Council moves to give more housing units legal status

File photo of a L.A. building.
File photo of a L.A. building.
David McNew/Getty Images

With an ongoing housing crisis that keeps L.A. renters paying high prices that are likely not going down anytime soon, the city council is looking for ways to alleviate some of the pressure.

One such way is to make the city's estimated 4,500 unapproved multi-family housing units available for legal use. 

The council moved Tuesday for the city attorney to draft an ordinance giving property owners a pathway toward making their housing units legal while also granting them amnesty for failing to meet the requirements in the past. 

L.A. City Councilman Felipe Fuentes, who proposed the ordinance, said the policy will meet the intersection of making sure the properties are safe and secure for the renters and massaging the existing rules so owners can actually comply, all while increasing the number of affordable units. 

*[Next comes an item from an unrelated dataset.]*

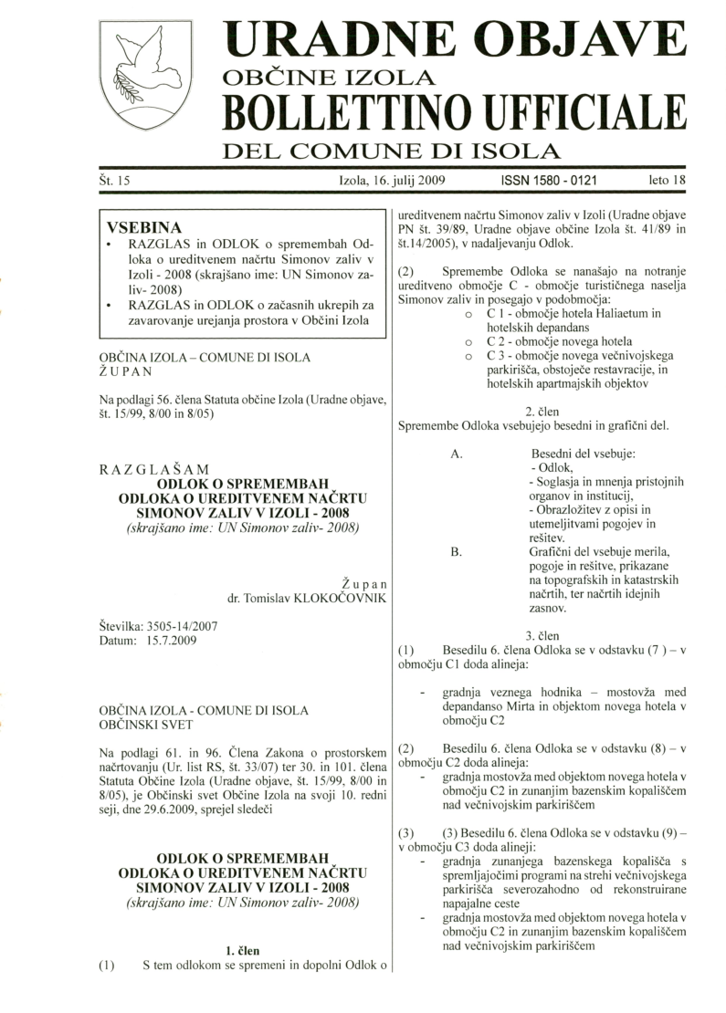 Odlok o spremembah Odloka o ureditvenem načrtu Simonov zaliv v Izoli - 2008 (Uradne objave Občine Izola, št. 15/2009)

"We want to create a new process that addresses the problem, versus what we do today and see these units go offline and renters left without housing," Fuentes said. 

According to a draft of the proposed ordinance, buildings must have at least one restricted affordable unit on site for low-income households, along with meeting zoning compliances and performance standards. 

Fuentes said some units only require simple fixes that will get them legally on the market for renters, while there are others that won't qualify for the new program. 

Fuentes said that he is confident the ordinance will be finalized and passed by the city council within the next 30 days.